Алиса закрыла глаза. Интересно, где сейчас Венсан и дети. Она испытывала потребность точно знать, где они находятся в каждый момент времени и чем заняты. Наверное, уже приехали. Приятно будет снова их увидеть. Кстати, согласится ли Ирис надеть на похороны подобающую случаю одежду? И как отреагирует Шарль, увидев гроб? Не исключено, что так же, как она. В кармане завибрировал телефон.

— Алло! — прохрипел в трубке голос Пикассо, который за последние несколько часов ни с кем не сказал ни слова. Он прочистил горло и спросил, есть ли новости.

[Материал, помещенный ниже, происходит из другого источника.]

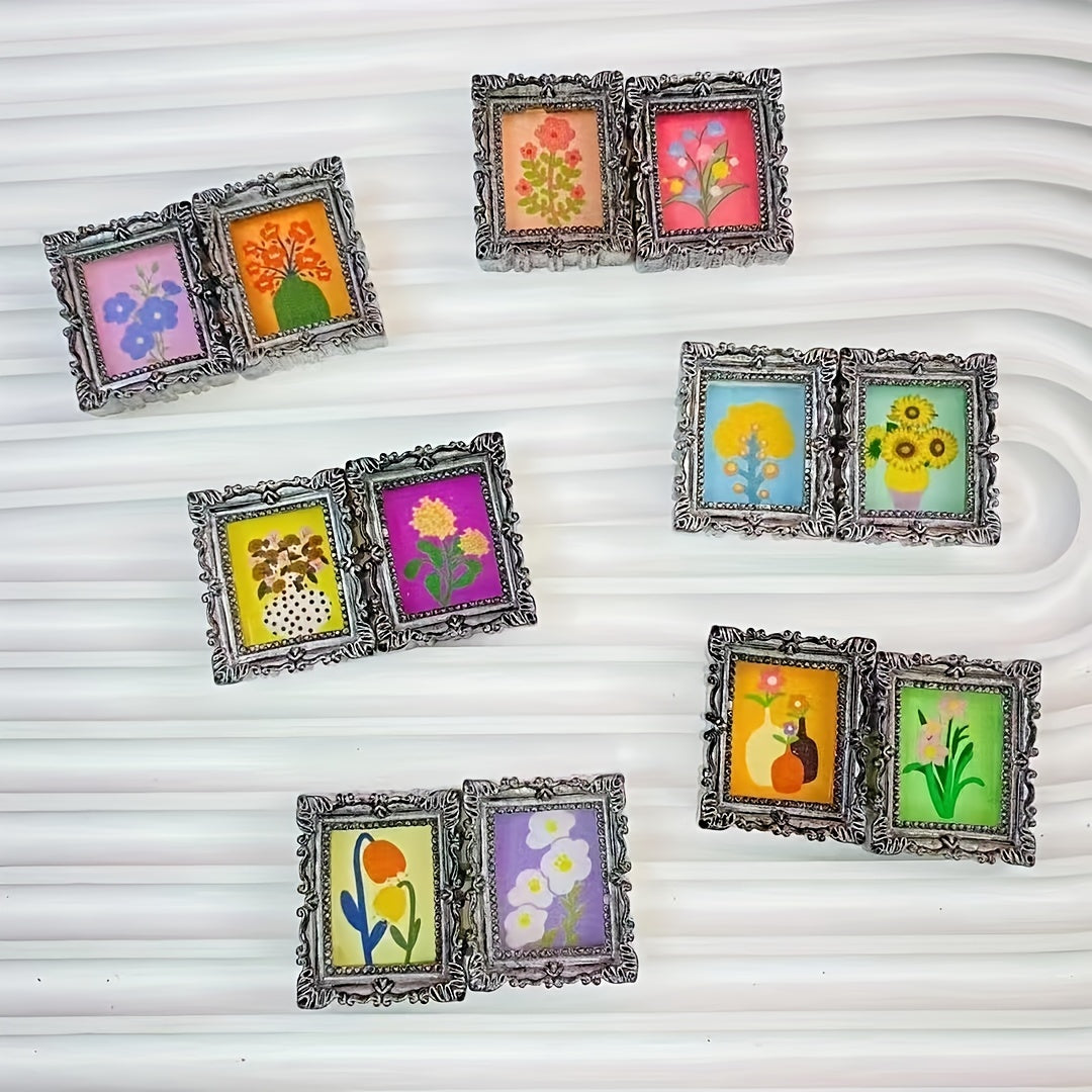 10pcs Retro Oil Painting Charms Mini Photo Frame DIY Jewelry Accessories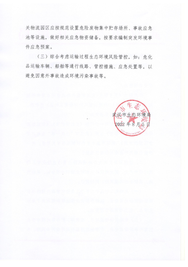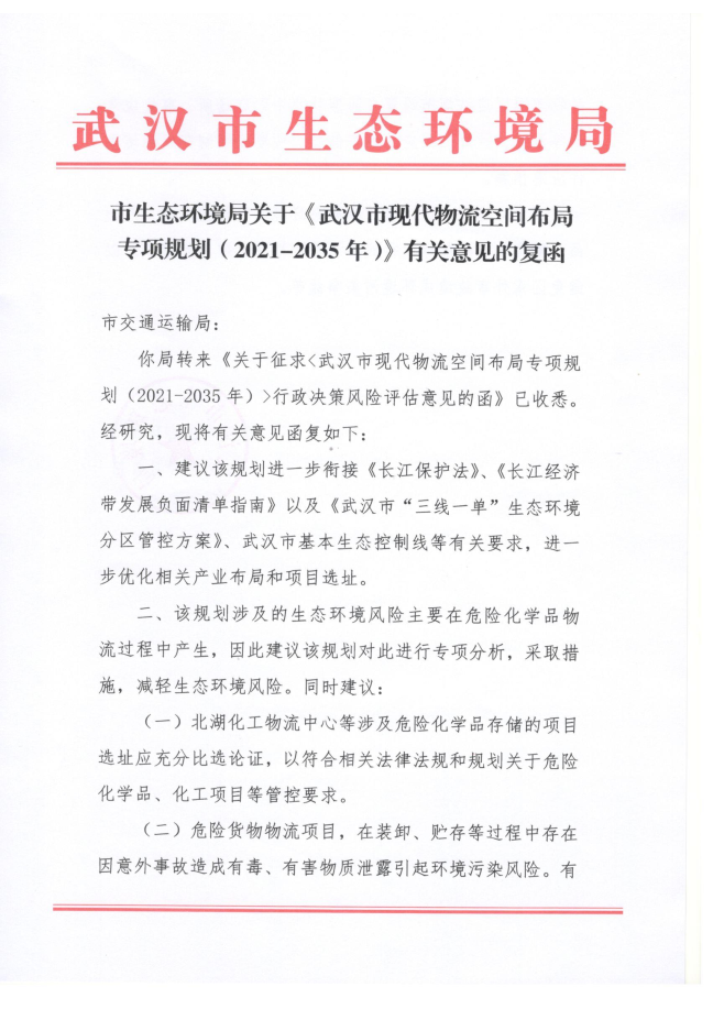 市生态环境局提出,建议该规划进一步衔接《长江保护法》、《长江经济带发展负面清单指南》以及《武汉市“三线一单”生态环境分区管控方案》、武汉市基本生态控制线等有关要求,进一步优化相关产业布局和项目选址。该规划涉及的生态环境风险主要在危险化学品物流过程中产生,因此建议该规划对此进行专项分析,采取措施,减轻生态环境风险,同时建议,北湖化工物流中心等涉及危险化学品存储的项目选址应充分比选论证,以符合相关法律法规和规划关于危险化学品、化工项目等管控要求;危险货物物流项目,在装卸、贮存等过程中存在因意外事故造成有毒、有害物质泄露引起环境污染风险。有关物流园区应按规范设置危险废物集中贮存场所、事故应急池等设施,做好相关应急物资储备,按要求编制突发环境事件应急预案;综合考虑运输过程生态环境风险管控,如:危化品运输车辆、船舶等通行线路、管控措施、应急处置等,以避免因意外事故造成环境污染事故等。

— Слегка осрамилась в траурном зале, — призналась Алиса.

— Я вас понимаю, — неожиданно поддержал ее инспектор.

— Вы сейчас где?

— В кафе.

— В каком именно?

— Не знаю, не посмотрел на вывеску. Это на площади, тут еще напротив большое белое здание. И что-то вроде конного манежа…

— Вы на площади перед театром, — просветила его она. Представила себе инспектора в местах ее юности и умилилась.

— Кафе-то хоть приличное? — чуть иронично поинтересовался он, видно вспомнив про блинную и секту. В провинции свои табу, поди в них разберись.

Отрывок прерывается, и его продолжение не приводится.